Proust and the Arts
The museum is presenting an exhibition on the importance of art in the work of one of the most influential writers of the 20th century, Marcel Proust (Auteuil, 1871 - Paris, 1922), recognised both in literature and in philosophy and art theory. The aesthetic ideas that Proust developed in his work, the artistic, architectural and landscape settings that surrounded him and which he recreated in his books, as well as the contemporary and earlier artists who served to stimulate him are among the aspects that articulate the structure of this exhibition, which aims to highlight this connection and the interrelation between art and his life and work.
To understand Proust it is important to know the Paris in which he lived; the cosmopolitan and rich capital of the Third Republic, its great transformation following Baron Hausmann’s urban reforms, with the introduction of electricity, cars, public spectacles, restaurants and cafés. Proust was fascinated not only by the arts but also by the modernity that was flourishing to such a marked degree at the end of the 19th century. The image of the modern created by the Impressionist painters through their depictions of Paris’s streets and other locations lies at the heart of the Proustian aesthetic and all of this would influence his life and also his writing.
One of the writer’s first published works, Pleasures and days (1896), is presented in the first room of the exhibition, revealing his early enthusiasm for the arts, music, theatre and in particular painting and his frequent visits to the Musée du Louvre. That interest continued in his great masterpiece, the novel In search of lost time, published in seven parts between 1913 and 1927. The Paris of the Third Republic, especially the area of the Champs-Élysées, the Bois de Boulogne and the palaces of the aristocracy in the Faubourg Saint-Germain, as well as the beaches and coasts of northern France are some of the settings in which the novel takes place and which painters such as Manet, Pissarro, Renoir, Monet, Boudin and Dufy also portrayed in their paintings. In addition, the importance of the theatre in Proust's work is reflected in the impressive painting by George Clairin on loan from the Petit Palais in Paris. It depicts Sarah Bernhardt, who in part inspired Proust in the creation of the character of Berma who reappears throughout the novel.

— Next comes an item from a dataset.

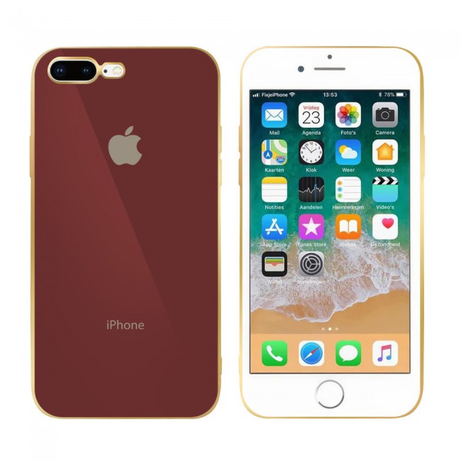 iphone 7 Plus and 8 Plus Case Cover Gold Edge Hicool - Red Gold edge

The exhibition also emphasises one of the most important themes in Proust's work, namely the creation and consolidation in the last decades of the 19th century of a new and modern discipline, art history. It focuses on his fascination for a city such as Venice, which he visited twice, his interest in cathedrals and Gothic architecture, and his less well known “Spanish connection” through figures such as Mariano Fortuny y Madrazo and Raimundo de Madrazo. On display in the galleries are some of the some clothes and fabrics designed by Fortuny in order to present the theme of fashion, which was of such fundamental importance in Proust’s writings and which the exhibition aims to highlight.

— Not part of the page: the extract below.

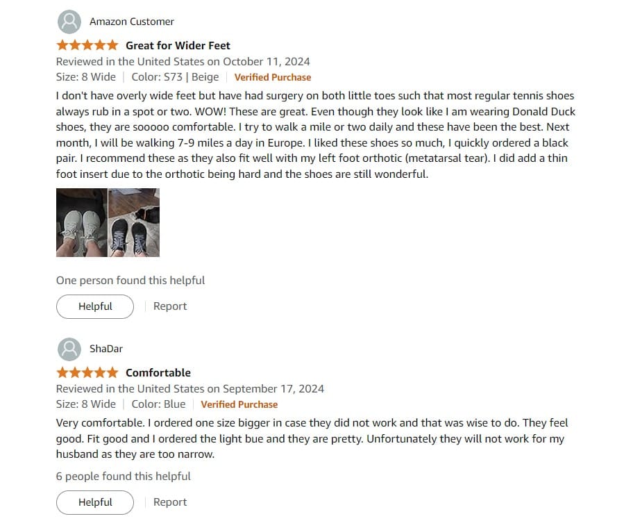 Comfortable Fit: The wide toe box allows for natural foot movement, reducing discomfort during long walks or extended wear.

In addition to paintings by Rembrandt, Vermeer, Van Dyck, Watteau, Turner, Fantin Latour, Manet, Monet, Renoir and Whistler, among others, a sculpture by Antoine Bourdelle and the above-mentioned designs by Fortuny and other couturiers of the time, the exhibition includes a selection of manuscripts by Proust, with loans from the Musée du Louvre, the Musée d'Orsay and the Musée Carnavalet-Histoire in Paris, the Maurithuis in The Hague, the Rijksmuseum in Amsterdam, the Städel Museum in Frankfurt and the National Gallery of Art in Washington.
Monday: closed. From Tuesday to Friday and Sunday: 10.00 - 19.00. Saturday: 10.00 - 23.00*.
*Free access from 21.00 to 23.00 thanks to the collaboration of Uniqlo.
1 May: museum closed.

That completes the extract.